## [YOUR INSTRUCTIONS]
Retype nothing except the lines below from the one with "Все наборы доступны" through the one with "Vysokorýchlostný vlak je", exactly, with images left out.

Items from a data source

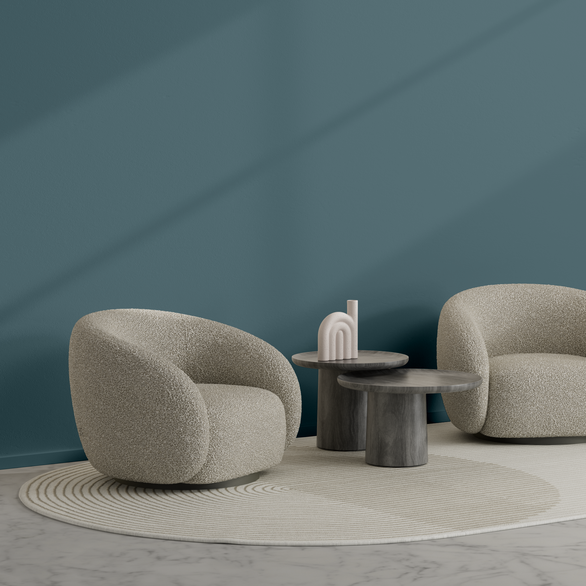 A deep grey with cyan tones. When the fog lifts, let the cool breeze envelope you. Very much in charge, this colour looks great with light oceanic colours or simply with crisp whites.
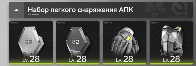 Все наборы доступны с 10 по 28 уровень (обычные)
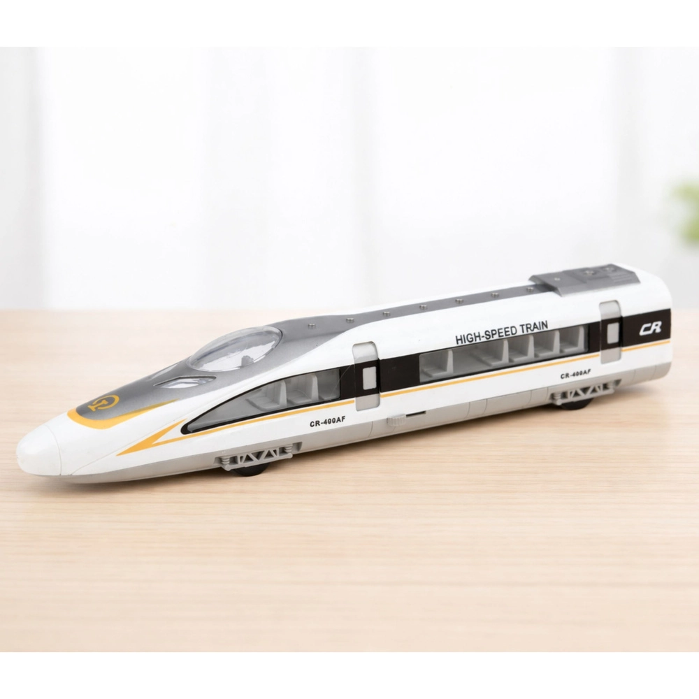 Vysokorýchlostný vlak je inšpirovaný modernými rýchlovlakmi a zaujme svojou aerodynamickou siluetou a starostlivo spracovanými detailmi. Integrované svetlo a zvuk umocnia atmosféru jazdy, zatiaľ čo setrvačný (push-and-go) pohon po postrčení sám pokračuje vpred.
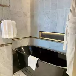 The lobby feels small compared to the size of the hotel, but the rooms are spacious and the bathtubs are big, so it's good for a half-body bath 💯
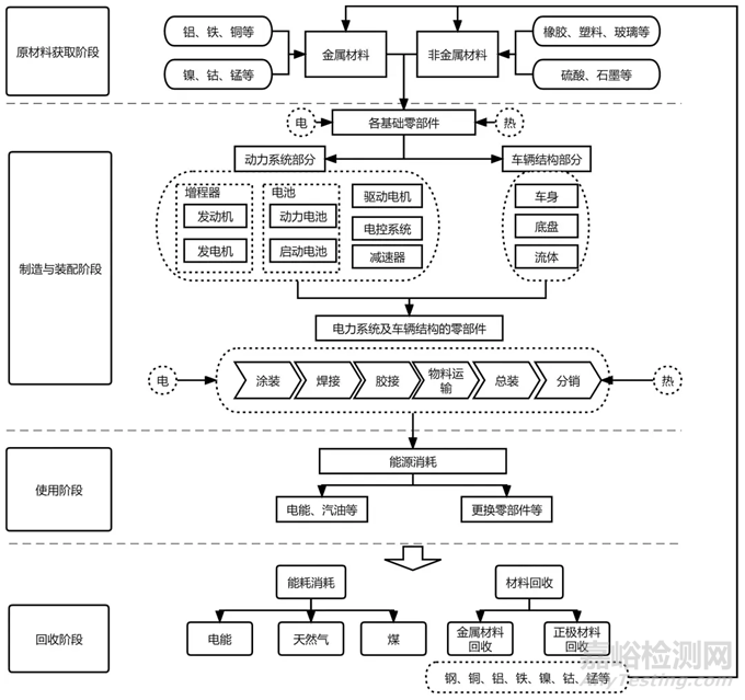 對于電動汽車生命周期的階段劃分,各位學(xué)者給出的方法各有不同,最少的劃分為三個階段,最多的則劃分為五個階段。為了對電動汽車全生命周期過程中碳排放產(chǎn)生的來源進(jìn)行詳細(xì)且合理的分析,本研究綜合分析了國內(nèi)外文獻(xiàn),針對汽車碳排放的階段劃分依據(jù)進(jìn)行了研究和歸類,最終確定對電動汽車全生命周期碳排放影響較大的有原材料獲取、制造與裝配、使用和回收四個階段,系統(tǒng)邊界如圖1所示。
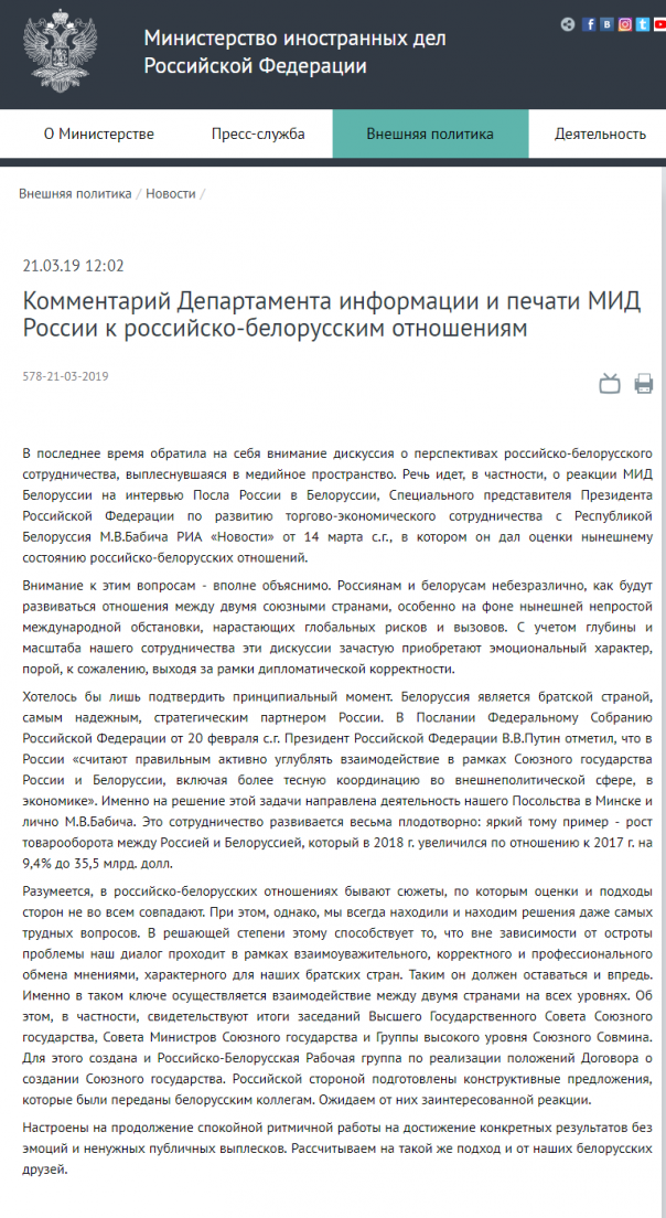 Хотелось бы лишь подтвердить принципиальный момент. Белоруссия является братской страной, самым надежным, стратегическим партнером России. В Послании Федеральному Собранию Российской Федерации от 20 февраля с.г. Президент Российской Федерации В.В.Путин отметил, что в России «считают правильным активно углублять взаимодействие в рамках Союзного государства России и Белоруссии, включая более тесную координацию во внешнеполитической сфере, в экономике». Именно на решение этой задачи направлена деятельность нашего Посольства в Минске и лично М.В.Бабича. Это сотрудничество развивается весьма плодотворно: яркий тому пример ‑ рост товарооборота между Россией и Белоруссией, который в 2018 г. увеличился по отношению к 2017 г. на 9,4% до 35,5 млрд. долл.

## [ANSWER BOX]
 Все наборы доступны с 10 по 28 уровень (обычные)
 Vysokorýchlostný vlak je inšpirovaný modernými rýchlovlakmi a zaujme svojou aerodynamickou siluetou a starostlivo spracovanými detailmi. Integrované svetlo a zvuk umocnia atmosféru jazdy, zatiaľ čo setrvačný (push-and-go) pohon po postrčení sám pokračuje vpred.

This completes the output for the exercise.